---- Task input
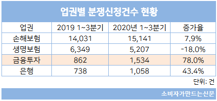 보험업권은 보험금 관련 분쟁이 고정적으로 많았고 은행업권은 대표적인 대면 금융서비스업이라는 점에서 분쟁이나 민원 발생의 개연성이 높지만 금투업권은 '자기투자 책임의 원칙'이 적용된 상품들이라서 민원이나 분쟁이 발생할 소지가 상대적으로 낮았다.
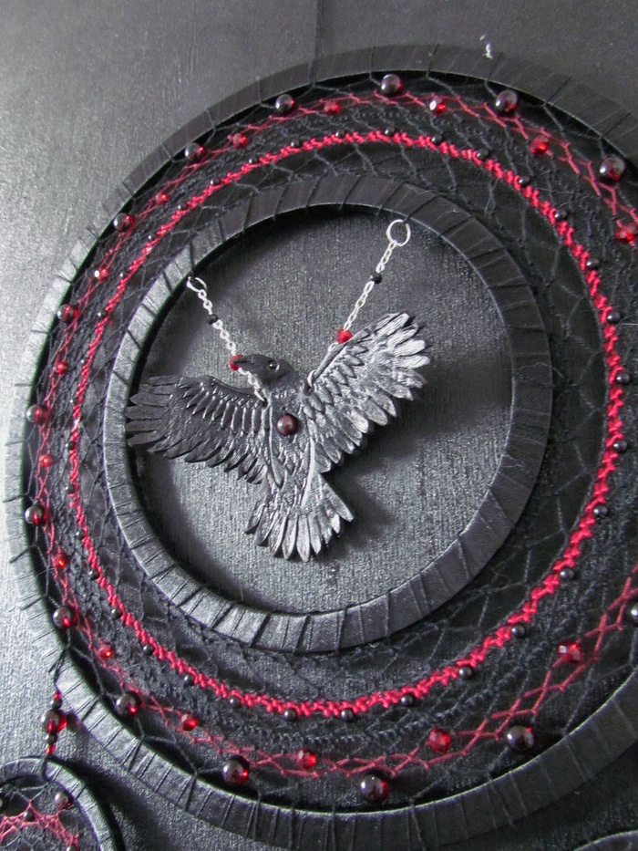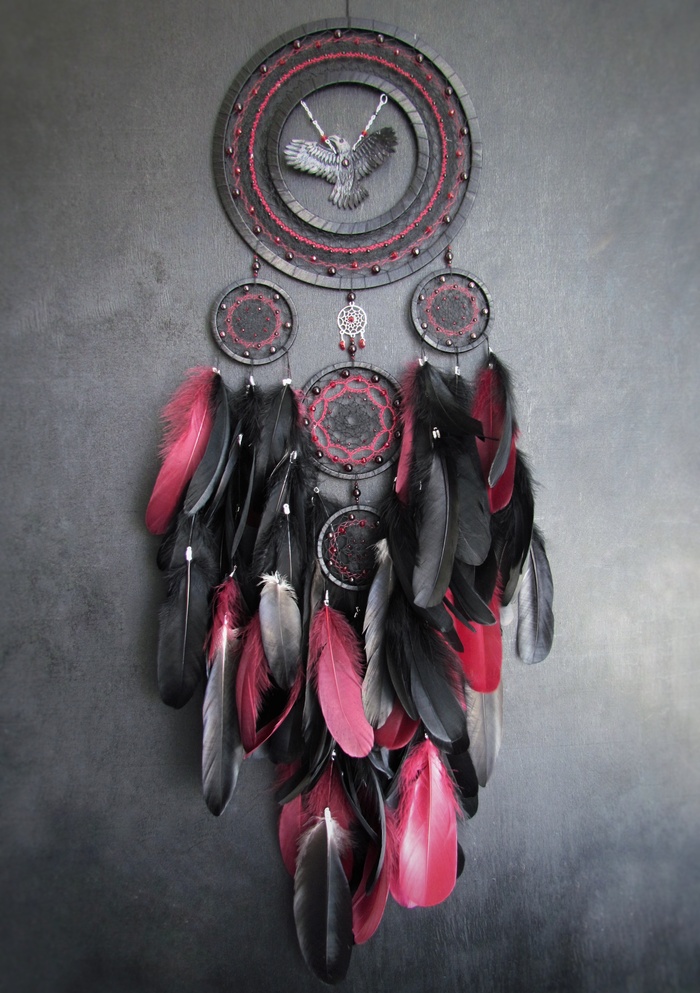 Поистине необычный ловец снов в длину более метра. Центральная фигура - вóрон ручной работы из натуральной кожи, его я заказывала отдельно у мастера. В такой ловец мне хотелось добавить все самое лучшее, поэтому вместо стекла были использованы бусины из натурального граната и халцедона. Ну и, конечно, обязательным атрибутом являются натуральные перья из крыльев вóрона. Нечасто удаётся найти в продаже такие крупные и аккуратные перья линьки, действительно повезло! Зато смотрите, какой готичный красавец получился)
--------
---- Task input
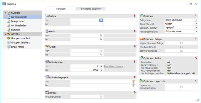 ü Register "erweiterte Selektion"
--------
---- Task input
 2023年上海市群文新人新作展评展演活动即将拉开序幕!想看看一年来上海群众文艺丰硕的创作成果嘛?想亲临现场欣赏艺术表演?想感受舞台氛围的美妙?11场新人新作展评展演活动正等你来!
--------
In the listing above, find the line with "보험업권은 보험금 관련" and the line with "Поистине необычный ловец". Transcribe those two and everything between, exactly, leaving out pictures.

◆ Answer section ◆
 보험업권은 보험금 관련 분쟁이 고정적으로 많았고 은행업권은 대표적인 대면 금융서비스업이라는 점에서 분쟁이나 민원 발생의 개연성이 높지만 금투업권은 '자기투자 책임의 원칙'이 적용된 상품들이라서 민원이나 분쟁이 발생할 소지가 상대적으로 낮았다.
 Поистине необычный ловец снов в длину более метра. Центральная фигура - вóрон ручной работы из натуральной кожи, его я заказывала отдельно у мастера. В такой ловец мне хотелось добавить все самое лучшее, поэтому вместо стекла были использованы бусины из натурального граната и халцедона. Ну и, конечно, обязательным атрибутом являются натуральные перья из крыльев вóрона. Нечасто удаётся найти в продаже такие крупные и аккуратные перья линьки, действительно повезло! Зато смотрите, какой готичный красавец получился)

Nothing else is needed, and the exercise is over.